There is a reason why a standard is adopted, or not. JPG prevailed because the industry converged on a single 8-bit format, with variable compression, and more than enough for the sensors, screens and most printing systems. JPEG2000 suffered from excessive customization possibilities, 1 to 39 bits per channel, different color encodings, and to the best of my knowledge camera manufacturers never got together to standardize to a specific set of specifications such that any application can read all JPG2000 files from any origin, the way they can with JPG.

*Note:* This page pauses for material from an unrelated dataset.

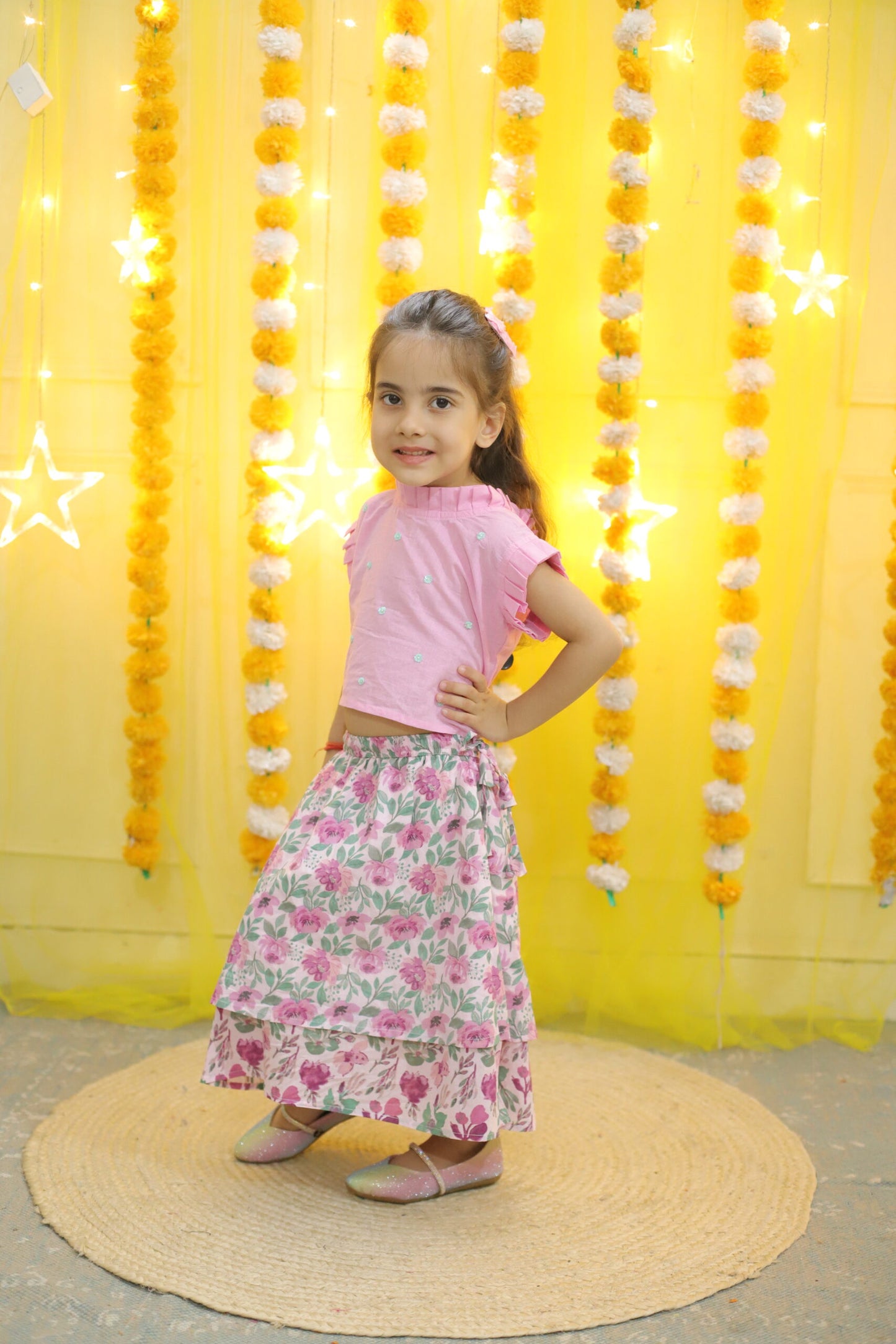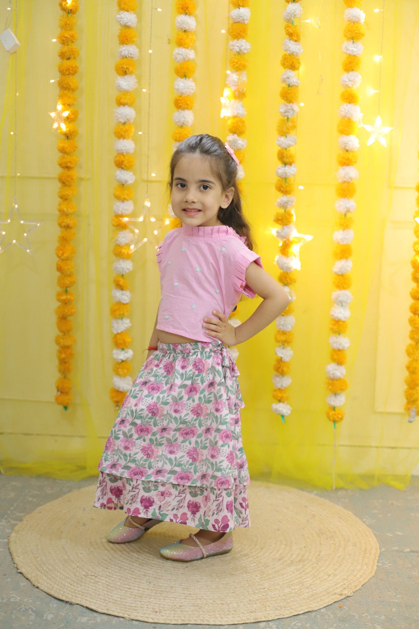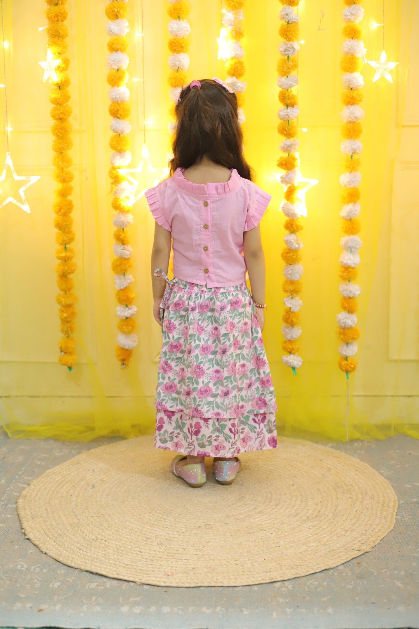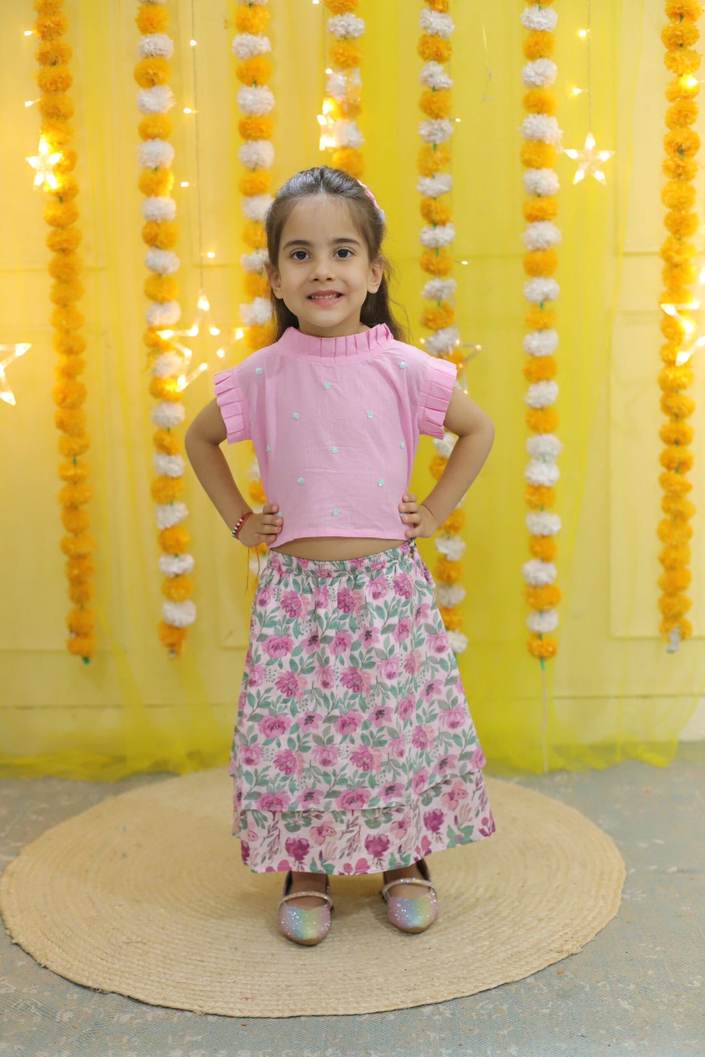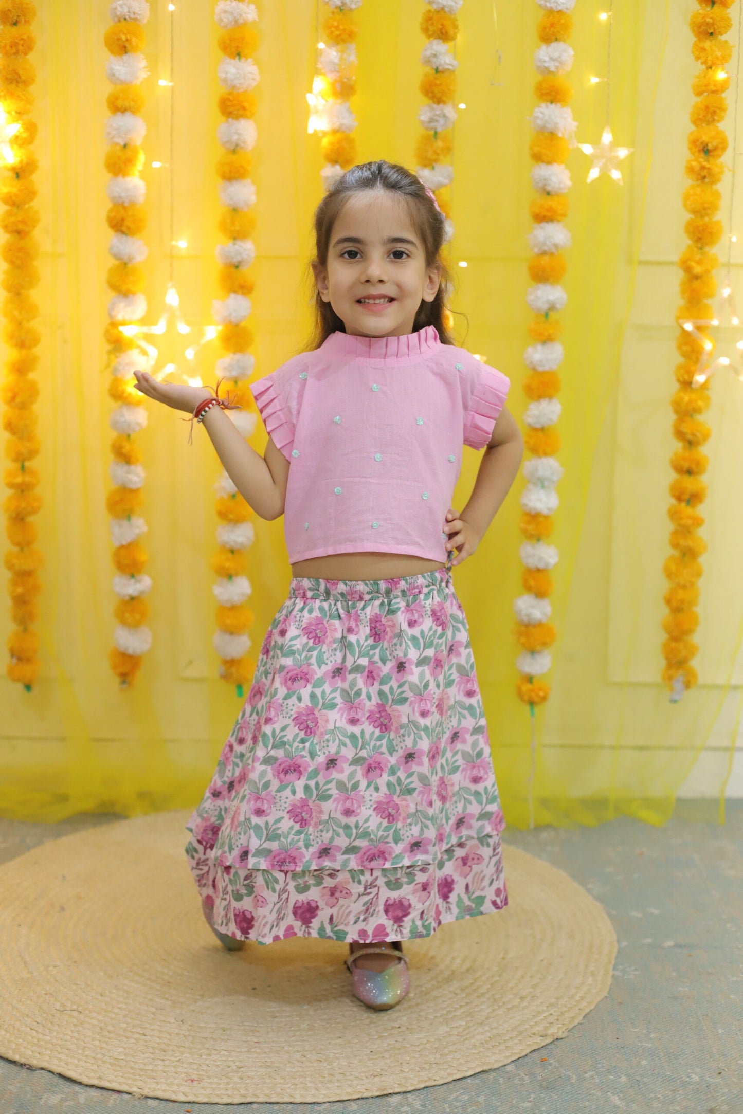 Pure Cotton Pink Crop Top with Lehenga Skirt
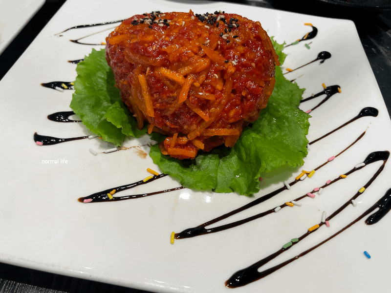 신선한 샐러드, 겉절이, 장조림, 배추김치, 섞박지가 기본찬으로 제공된다. 잡채, 도토리묵, 옥수수, 방울토마토, 고추, 쌈장은 셀프바에 준비되어 있어 자유롭게 이용할 수 있다.

Some (me) use RAW as an insurance policy, allowing for exposure correction, color balance, shadows or brights assimilation, etc, but from there we produce jpgs to print of share with others, and now that 10-bit monitors and other facilities are there is makes sense to look for something new. Apple does not create standards if there is a competent one out there, they went along with MP3 until it was no longer satisfactory, now you will find most A/D D/A converters supporting Apple Lossless Audio Codec, which is license- and royalty-free under the Apache 2.0 licensing scheme. For photography Apple adopted HEIF, a format defined by
Moving Picture Experts Group (MPEG) (ISO/IEC 23008-12), and made it popular by integrating it with the iPhone, iOS and MacOS. So it is not really an Apple standard so much as a standard that was dormant until a very influential company adopted it. Canon are smart to follow that trend.
I am interested in HEIF, even if I do not have (yet) a 10 bit monitor, because I would be able to take images from the camera with the possibility to correct + - 1 EV the luminosity, so I may not need to swamp my disk drives with RAW files quite so much.